The first KS was carried out during week 3 of term, just before the first WI content presentation and the last one during the last week of class (five days before the final assignment was due). The KS were bilingual (Cantonese/English), to ensure students understood all items evaluated. For each question, students had to select their confidence level. The options were three, following those presented in existing KS studies (Nuhfer, 1996; Nuhfer & Knipp, 2003; Wirth & Perkins, 2005):

  1. Low confidence level: I don't know how to do this.

  2. Medium confidence level: I have a rough idea but I would need to check some resources or ask around to do this.

  3. High confidence level: I know how to do this without much difficulty.

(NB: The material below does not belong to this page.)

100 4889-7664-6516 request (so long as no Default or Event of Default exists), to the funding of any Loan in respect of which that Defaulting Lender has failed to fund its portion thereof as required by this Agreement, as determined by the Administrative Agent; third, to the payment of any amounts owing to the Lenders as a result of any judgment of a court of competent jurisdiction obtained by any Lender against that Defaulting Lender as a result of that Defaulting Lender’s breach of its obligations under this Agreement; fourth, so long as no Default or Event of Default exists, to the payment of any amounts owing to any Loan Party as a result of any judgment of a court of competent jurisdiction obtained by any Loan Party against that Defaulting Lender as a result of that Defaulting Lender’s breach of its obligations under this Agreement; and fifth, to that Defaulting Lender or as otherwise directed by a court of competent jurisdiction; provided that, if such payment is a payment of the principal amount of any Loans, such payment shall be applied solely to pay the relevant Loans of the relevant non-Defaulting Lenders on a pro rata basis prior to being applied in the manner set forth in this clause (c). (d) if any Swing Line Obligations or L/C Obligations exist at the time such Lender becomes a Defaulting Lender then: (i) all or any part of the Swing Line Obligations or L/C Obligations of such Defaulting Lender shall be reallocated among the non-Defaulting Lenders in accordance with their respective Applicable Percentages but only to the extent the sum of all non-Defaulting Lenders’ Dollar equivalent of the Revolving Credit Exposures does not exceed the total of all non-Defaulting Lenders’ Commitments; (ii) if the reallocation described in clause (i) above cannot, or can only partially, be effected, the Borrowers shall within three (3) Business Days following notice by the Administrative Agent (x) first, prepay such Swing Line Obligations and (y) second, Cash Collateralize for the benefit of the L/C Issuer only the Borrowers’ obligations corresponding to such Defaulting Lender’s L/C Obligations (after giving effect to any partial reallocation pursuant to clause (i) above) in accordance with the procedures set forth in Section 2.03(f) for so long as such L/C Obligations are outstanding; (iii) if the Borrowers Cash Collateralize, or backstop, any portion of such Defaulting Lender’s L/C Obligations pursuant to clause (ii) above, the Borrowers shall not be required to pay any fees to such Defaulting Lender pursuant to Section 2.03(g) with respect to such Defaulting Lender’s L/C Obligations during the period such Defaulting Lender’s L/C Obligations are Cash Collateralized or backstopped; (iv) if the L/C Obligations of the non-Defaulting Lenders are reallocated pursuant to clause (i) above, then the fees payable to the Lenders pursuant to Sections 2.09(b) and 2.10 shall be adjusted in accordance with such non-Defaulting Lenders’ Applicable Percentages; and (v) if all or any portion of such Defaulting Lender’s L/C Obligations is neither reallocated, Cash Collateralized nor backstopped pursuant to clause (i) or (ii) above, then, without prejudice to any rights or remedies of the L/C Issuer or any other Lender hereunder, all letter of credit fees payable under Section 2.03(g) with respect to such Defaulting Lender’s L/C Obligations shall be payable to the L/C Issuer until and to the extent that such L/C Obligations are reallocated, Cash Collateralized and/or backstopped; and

The average of the responses to all questions was obtained for each student and the Pre-KS responses were compared to the Post-KS responses.

2.4. Evaluation

Students assignments were evaluated according to the rubrics (see https://englishpolyu.wixsite.com/renialopez/academic-writing) and given a percentage grade (based on the institution conversion tables). For this study we only took into account the grades obtained for the final assignment, in order to be able to compare the grades to those from the 2017 group. All assignments were first evaluated on the writing by the project officers, then the PI re-evaluated the writing and the content relating to the subject, giving a final grade, achieving evaluators agreement on grades in 91% of cases (the remaining 8% was discussed with the second teacher for the subject). An independent, external evaluator, assessed 20% of randomly selected assignments, in all cases giving the same or higher grades (5% higher on average). We believe the internal evaluation team might have been grading lower as they were taking into account students’ responses to previous feedback (if the feedback had not been addressed). For the analysis the lowest grades, as given by the internal team, were used. The 2017 final assignments had been evaluated by the PI and the second teacher for this subject (not involved in the research), with 20% of assignments checked by both teachers obtaining 100% agreement on grades. Only the overall grades for the final assignments for the 2017 and 2018 cohorts were compared.

3. Results and discussion

This study compared the confidence levels on students’ writing skills as reported through knowledge surveys (KS) before and after explicit writing instruction (WI). It compared the grades of the final assignment of these students to those obtained by the previous cohort, in 2017, and it investigated the use of the KS as a tool to predict grades.

3.1. Evaluation

The mean confidence level per student for the Pre-KS, beginning of the term, and Post-KS, end of term was calculated. The means of the two surveys were compared using a paired t-test (we had provided participants with an explanation as to how to interpret the possible answers of the Likert scale, and we believe the distance between categories to have been equal). Twenty eight students answered the Pre-KS and twenty five the Post-KS. However, only twenty students answered both the Pre and Post-KS and consented to the data being used for research purposes.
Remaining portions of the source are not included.